[AIM OF THE TASK] Exactly the lines below, starting with the one containing "Provide fresh grass, grains, and" and going on through the one containing "Rediscover the joy", must be reproduced, both ends included, and no pictures with them.

[ENTRIES PROVIDED]
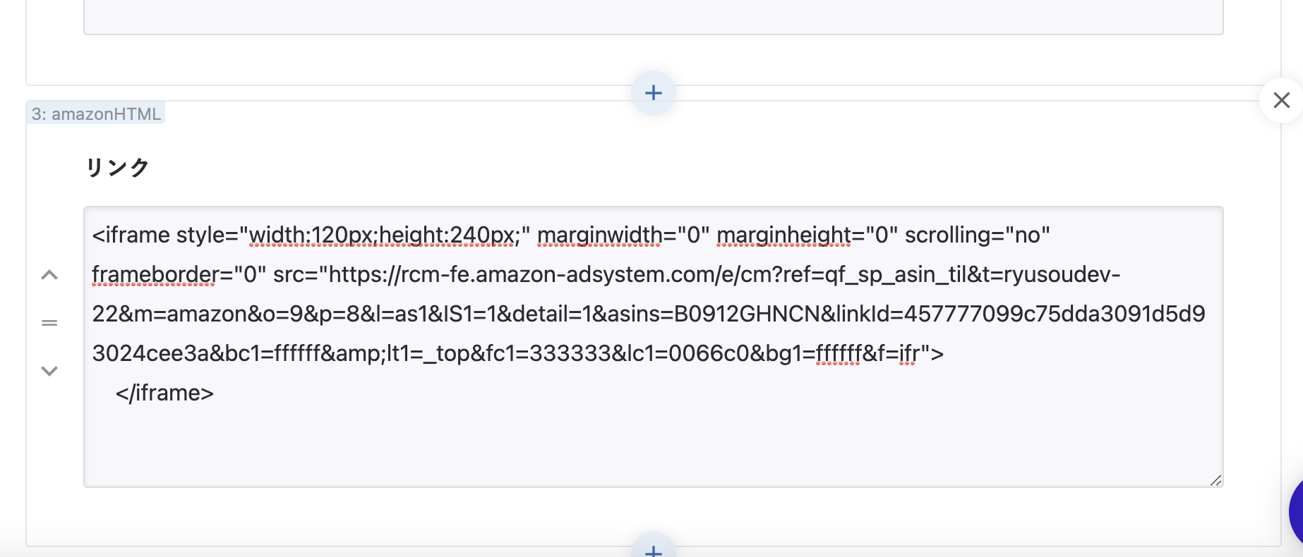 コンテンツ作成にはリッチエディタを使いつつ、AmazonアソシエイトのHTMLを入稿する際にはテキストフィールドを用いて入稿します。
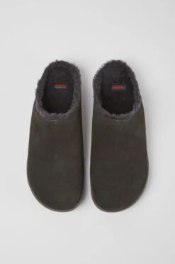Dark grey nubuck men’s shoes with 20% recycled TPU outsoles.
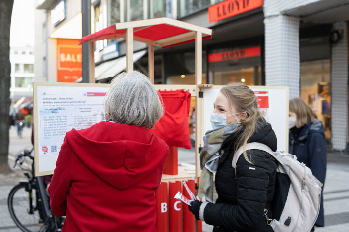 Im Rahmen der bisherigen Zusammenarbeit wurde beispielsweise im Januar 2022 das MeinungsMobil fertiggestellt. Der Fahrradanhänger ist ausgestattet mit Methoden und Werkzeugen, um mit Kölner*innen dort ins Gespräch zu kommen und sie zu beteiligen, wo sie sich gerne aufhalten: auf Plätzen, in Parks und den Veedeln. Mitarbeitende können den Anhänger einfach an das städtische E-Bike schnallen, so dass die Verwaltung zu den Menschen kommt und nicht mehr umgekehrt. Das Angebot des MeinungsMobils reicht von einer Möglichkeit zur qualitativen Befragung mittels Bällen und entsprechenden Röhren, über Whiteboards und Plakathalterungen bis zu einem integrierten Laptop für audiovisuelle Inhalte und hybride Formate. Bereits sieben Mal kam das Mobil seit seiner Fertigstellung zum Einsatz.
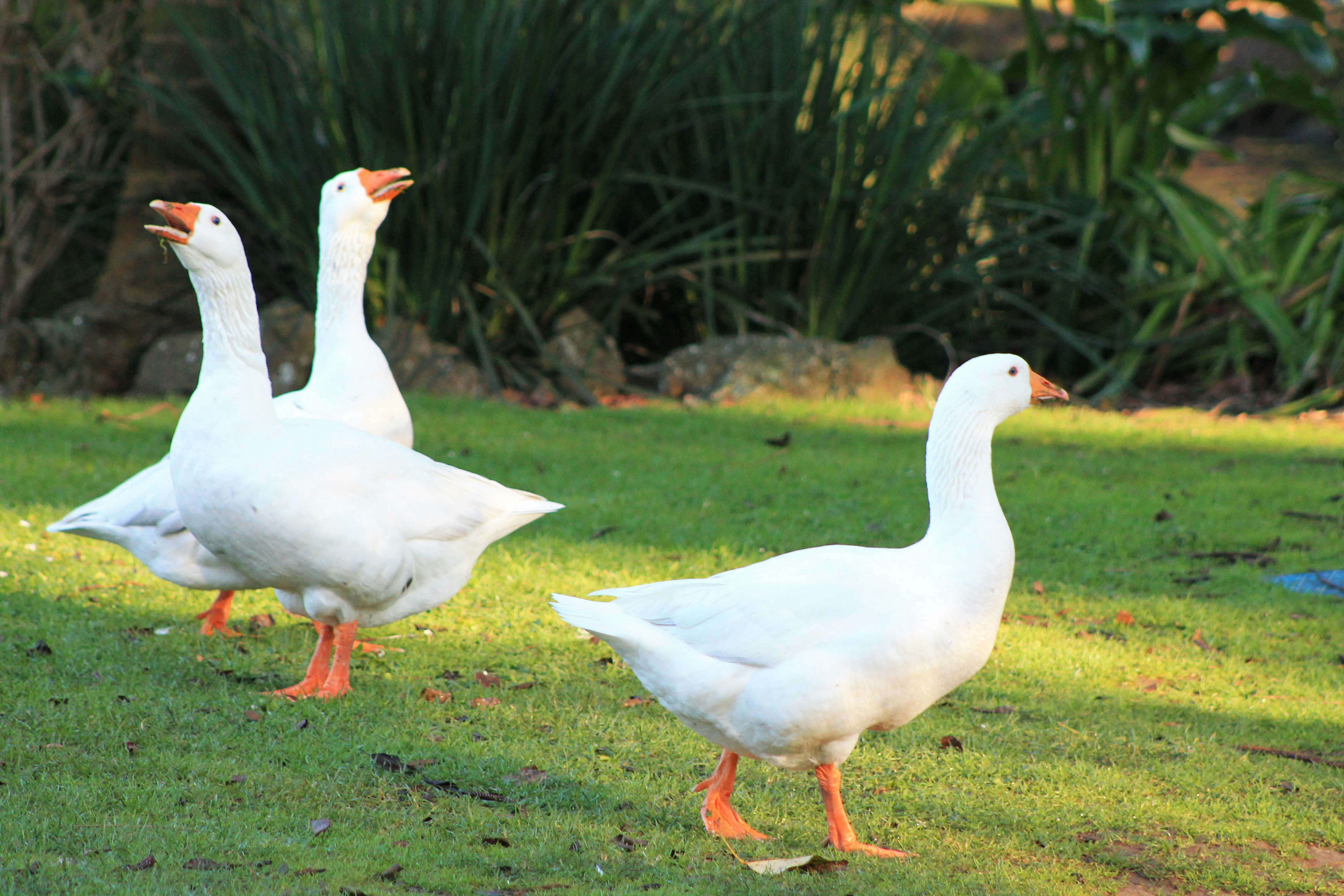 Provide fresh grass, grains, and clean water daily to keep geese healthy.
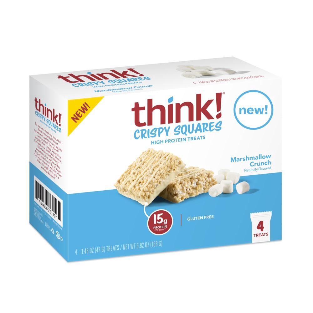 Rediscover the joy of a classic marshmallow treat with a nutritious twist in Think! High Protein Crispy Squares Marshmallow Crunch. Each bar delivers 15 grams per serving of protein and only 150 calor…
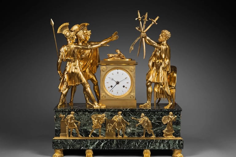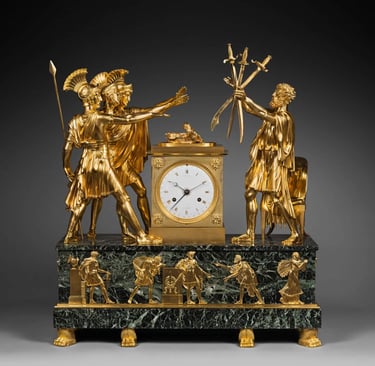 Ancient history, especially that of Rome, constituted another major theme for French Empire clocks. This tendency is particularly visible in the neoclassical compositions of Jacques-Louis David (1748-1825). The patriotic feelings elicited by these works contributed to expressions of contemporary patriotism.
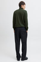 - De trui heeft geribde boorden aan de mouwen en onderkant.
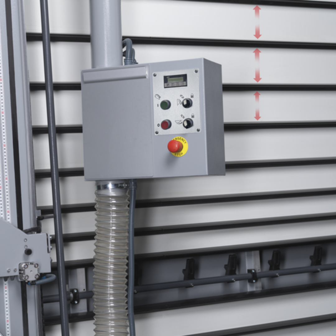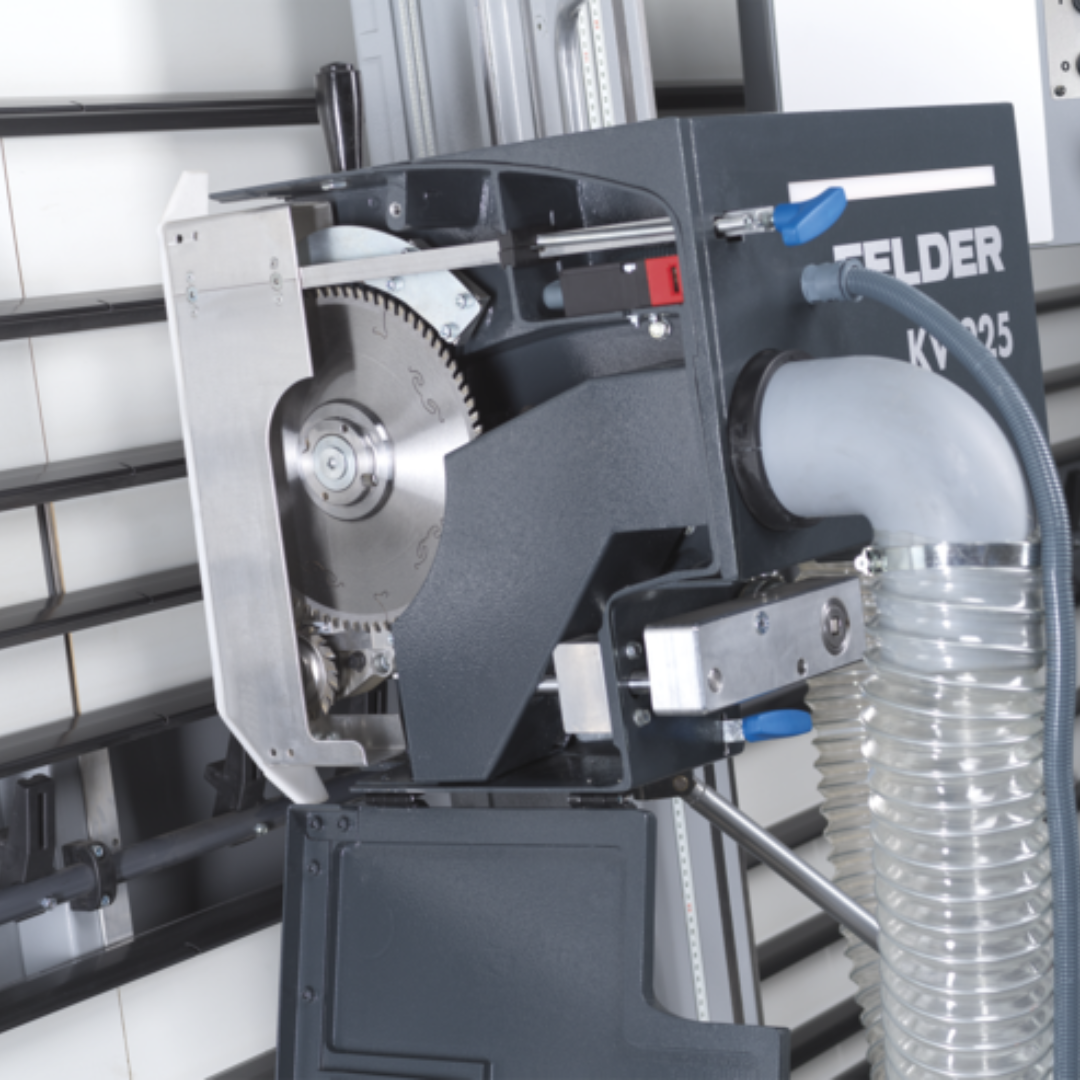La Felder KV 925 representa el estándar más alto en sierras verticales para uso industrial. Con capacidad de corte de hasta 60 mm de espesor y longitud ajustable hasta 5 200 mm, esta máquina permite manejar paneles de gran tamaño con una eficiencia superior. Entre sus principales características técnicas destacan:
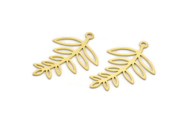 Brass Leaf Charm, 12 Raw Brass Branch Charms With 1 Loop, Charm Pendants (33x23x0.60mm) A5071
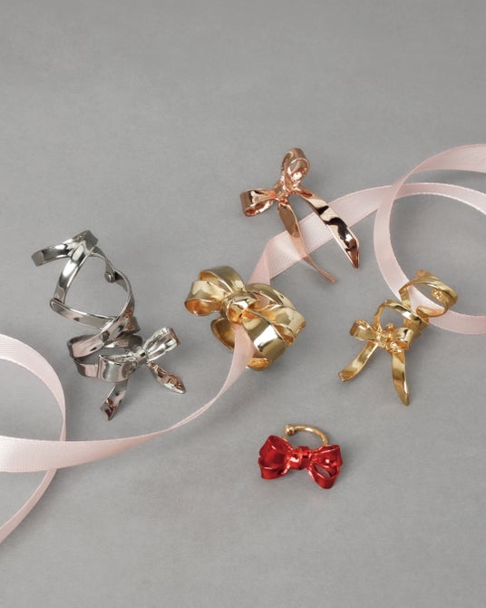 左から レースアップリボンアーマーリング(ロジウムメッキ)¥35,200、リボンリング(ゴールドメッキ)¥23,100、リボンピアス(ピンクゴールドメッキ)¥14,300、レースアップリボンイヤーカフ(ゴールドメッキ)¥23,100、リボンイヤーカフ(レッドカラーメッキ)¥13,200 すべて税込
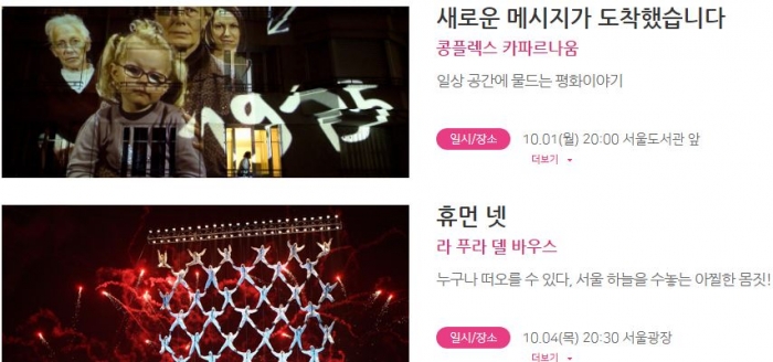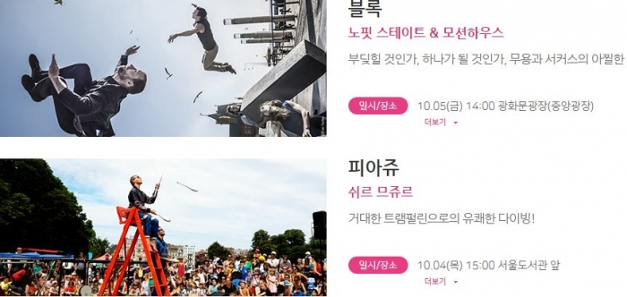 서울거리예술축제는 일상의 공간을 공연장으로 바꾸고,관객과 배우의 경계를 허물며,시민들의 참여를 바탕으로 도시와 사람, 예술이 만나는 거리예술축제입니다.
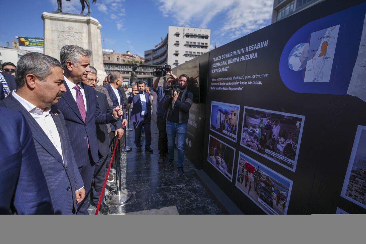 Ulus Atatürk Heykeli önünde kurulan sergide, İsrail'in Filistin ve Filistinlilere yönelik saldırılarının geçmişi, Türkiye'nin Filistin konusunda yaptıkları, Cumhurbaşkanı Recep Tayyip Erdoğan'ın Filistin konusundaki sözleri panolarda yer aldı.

[RESPONSE TO THIS TASK]
 Provide fresh grass, grains, and clean water daily to keep geese healthy.
 Rediscover the joy of a classic marshmallow treat with a nutritious twist in Think! High Protein Crispy Squares Marshmallow Crunch. Each bar delivers 15 grams per serving of protein and only 150 calor…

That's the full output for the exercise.